Within the listing that follows, reproduce exactly the lines starting at the line with "배우 마동석이 30일" and ending at the line with "A room with", inclusive, and only those. Pictures are dropped.

LISTED RECORDS -
%%

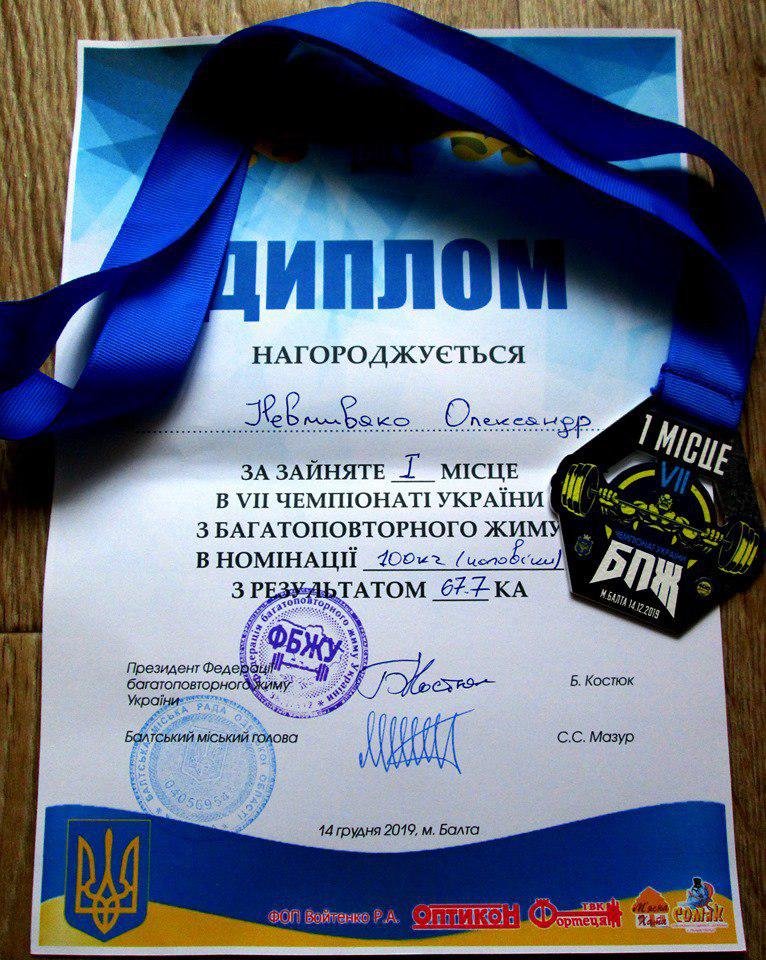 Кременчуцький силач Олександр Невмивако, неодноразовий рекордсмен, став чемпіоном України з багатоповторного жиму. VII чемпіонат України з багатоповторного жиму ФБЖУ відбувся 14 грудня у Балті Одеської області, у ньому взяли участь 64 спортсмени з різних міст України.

%%
%%

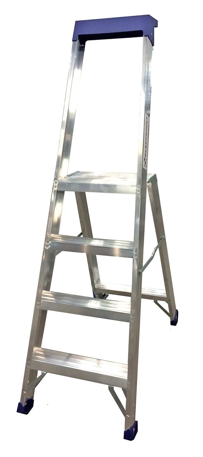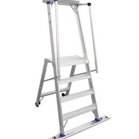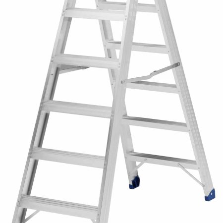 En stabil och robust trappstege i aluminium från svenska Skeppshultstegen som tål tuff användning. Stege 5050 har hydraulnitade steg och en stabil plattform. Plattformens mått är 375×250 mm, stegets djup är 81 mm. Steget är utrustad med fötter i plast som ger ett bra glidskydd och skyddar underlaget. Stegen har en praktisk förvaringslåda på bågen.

%%
%%

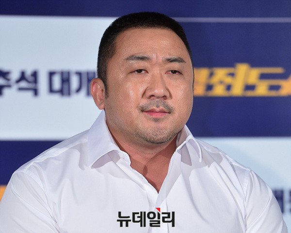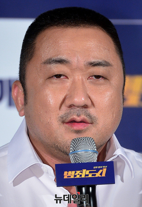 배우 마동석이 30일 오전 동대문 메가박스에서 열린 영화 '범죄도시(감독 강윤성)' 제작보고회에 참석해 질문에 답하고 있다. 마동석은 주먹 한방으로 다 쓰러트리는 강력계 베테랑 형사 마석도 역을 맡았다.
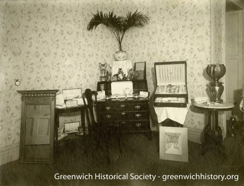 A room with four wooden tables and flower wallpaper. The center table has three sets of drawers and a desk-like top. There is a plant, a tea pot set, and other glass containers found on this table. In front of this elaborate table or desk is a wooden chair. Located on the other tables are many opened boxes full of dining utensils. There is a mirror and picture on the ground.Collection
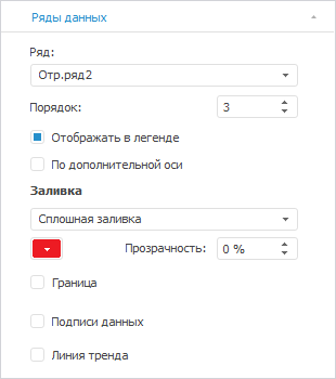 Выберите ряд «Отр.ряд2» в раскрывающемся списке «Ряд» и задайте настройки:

%%

TASK RESULT -
 배우 마동석이 30일 오전 동대문 메가박스에서 열린 영화 '범죄도시(감독 강윤성)' 제작보고회에 참석해 질문에 답하고 있다. 마동석은 주먹 한방으로 다 쓰러트리는 강력계 베테랑 형사 마석도 역을 맡았다.
 A room with four wooden tables and flower wallpaper. The center table has three sets of drawers and a desk-like top. There is a plant, a tea pot set, and other glass containers found on this table. In front of this elaborate table or desk is a wooden chair. Located on the other tables are many opened boxes full of dining utensils. There is a mirror and picture on the ground.Collection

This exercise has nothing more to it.